TASK REQUIREMENTS:
With the pictures omitted, transcribe each line below exactly as it is.

=== EXCERPTED DATA ===

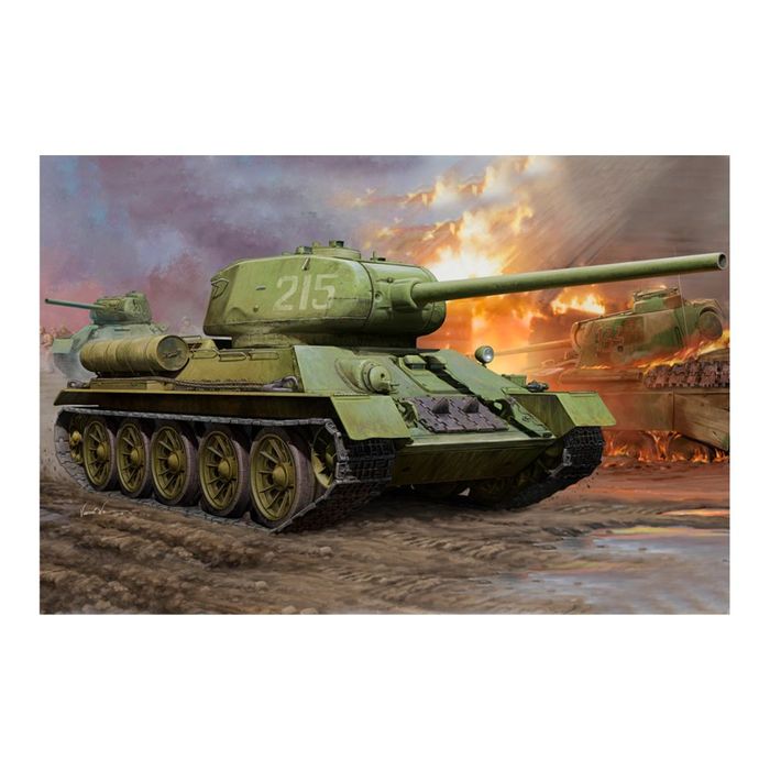 Considered by many as possibly the best tank of World War 2,the T-34/85 was fast,manoeuvrable and hard-hitting.Appearing in huge numbers from early 1944.it led the assault on Germany until the end of the war;when it was widely exported to many communist nations.The major change in T-34 production after 1943 was the arrival of the 85mm(3.34in) gun T-34/85,which had a new three-man turret and a larger-diameter turret ring.Both the T-34/76 and /85 were built in parallel until mid-1944,when production of the former stopped after 35,099 had been completed.
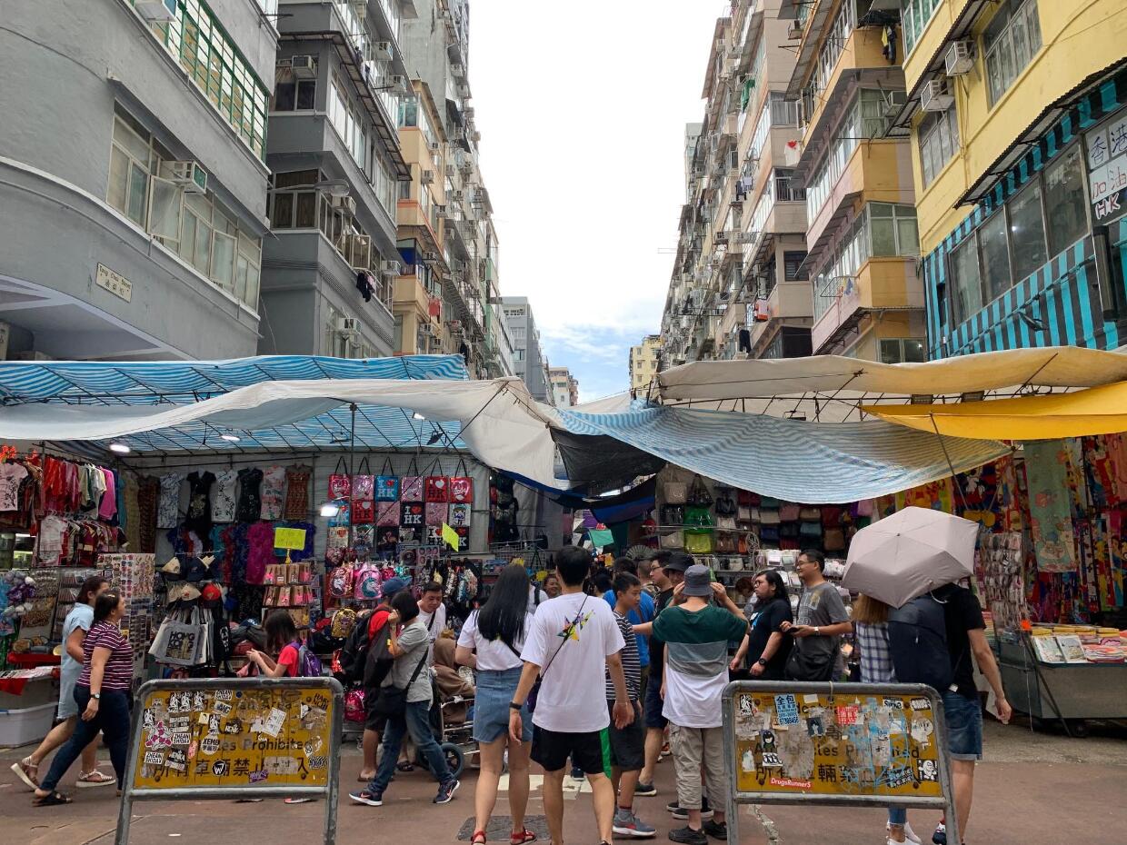 為避開上周六的旺角遊行,旺角彌敦道一帶的商店前日紛紛落閘,提早關門避險。其中女人街全日沒有排檔開檔,連旅遊發展局也罕有地發出通知。「女人街變了死街」,場面十分冷清。衝擊過後,女人街昨日已回復正常,不少排檔恢復營業,許多外來旅客及市民如常到場購物觀光。
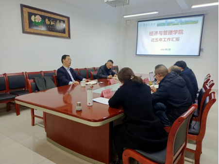 会上,经济与管理学院院长赵少平详细汇报了学院近五年来的工作理念与思路、学院发展现状、制约学院发展的瓶颈、下阶段工作重点以及对学校改革发展的建议。汇报过程中,校领导不时就关心的相关问题进行了解。
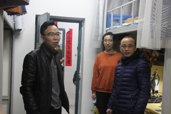 3月8日,是公司员工春季开学报到的第一天。为深入了解学院员工入学状态,调研员工寝室安全状况,号准员工“安全脉”,公司党委书记张高亮、经理胡国良、党委副书记陈小志、副经理郭小权深入员工寝室,实地了解员工的学习生活情况,带去学院的关心和问候,团委学工办老师陪同看望。
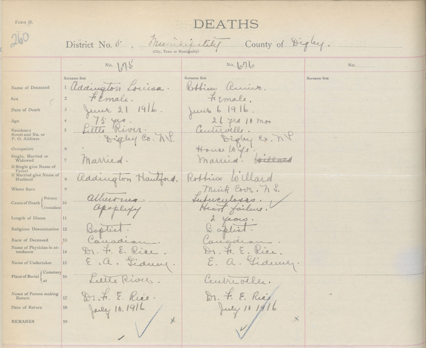 Female Death Registration: Year: 1916 book: 33 page: 260 number: 676
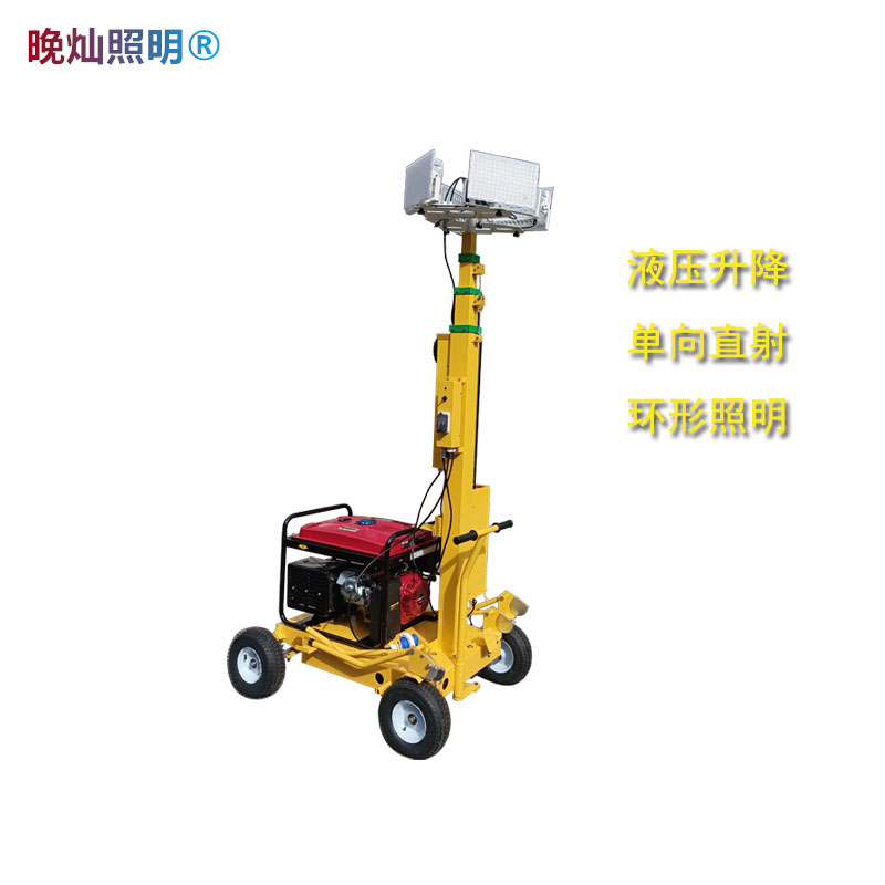 用于灾害事故现场照明,光源类型为 LED,具备液 压升降等功能。含单向直射、环形照明,可选配头灯、多功能手提探照灯、大功率广播等。功率≥2kW, 工作时间≥13h,输出 220V 和 380V 电压,抗风等级 ≥8 级, 防护等级≥IP65。
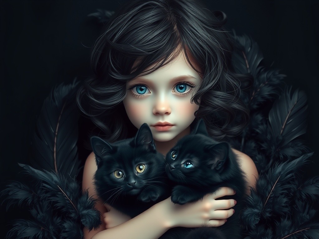 A young girl with pale skin and delicate features sits surrounded by dark feathers. Her wavy black hair frames her face, and her pale blue eyes reflect introspection. She cradles two fluffy black cats, creating a moody, enchanting scene.

===

REPLY TO THE TASK:
 Considered by many as possibly the best tank of World War 2,the T-34/85 was fast,manoeuvrable and hard-hitting.Appearing in huge numbers from early 1944.it led the assault on Germany until the end of the war;when it was widely exported to many communist nations.The major change in T-34 production after 1943 was the arrival of the 85mm(3.34in) gun T-34/85,which had a new three-man turret and a larger-diameter turret ring.Both the T-34/76 and /85 were built in parallel until mid-1944,when production of the former stopped after 35,099 had been completed.
 為避開上周六的旺角遊行,旺角彌敦道一帶的商店前日紛紛落閘,提早關門避險。其中女人街全日沒有排檔開檔,連旅遊發展局也罕有地發出通知。「女人街變了死街」,場面十分冷清。衝擊過後,女人街昨日已回復正常,不少排檔恢復營業,許多外來旅客及市民如常到場購物觀光。
 会上,经济与管理学院院长赵少平详细汇报了学院近五年来的工作理念与思路、学院发展现状、制约学院发展的瓶颈、下阶段工作重点以及对学校改革发展的建议。汇报过程中,校领导不时就关心的相关问题进行了解。
 3月8日,是公司员工春季开学报到的第一天。为深入了解学院员工入学状态,调研员工寝室安全状况,号准员工“安全脉”,公司党委书记张高亮、经理胡国良、党委副书记陈小志、副经理郭小权深入员工寝室,实地了解员工的学习生活情况,带去学院的关心和问候,团委学工办老师陪同看望。
 Female Death Registration: Year: 1916 book: 33 page: 260 number: 676
 用于灾害事故现场照明,光源类型为 LED,具备液 压升降等功能。含单向直射、环形照明,可选配头灯、多功能手提探照灯、大功率广播等。功率≥2kW, 工作时间≥13h,输出 220V 和 380V 电压,抗风等级 ≥8 级, 防护等级≥IP65。
 A young girl with pale skin and delicate features sits surrounded by dark feathers. Her wavy black hair frames her face, and her pale blue eyes reflect introspection. She cradles two fluffy black cats, creating a moody, enchanting scene.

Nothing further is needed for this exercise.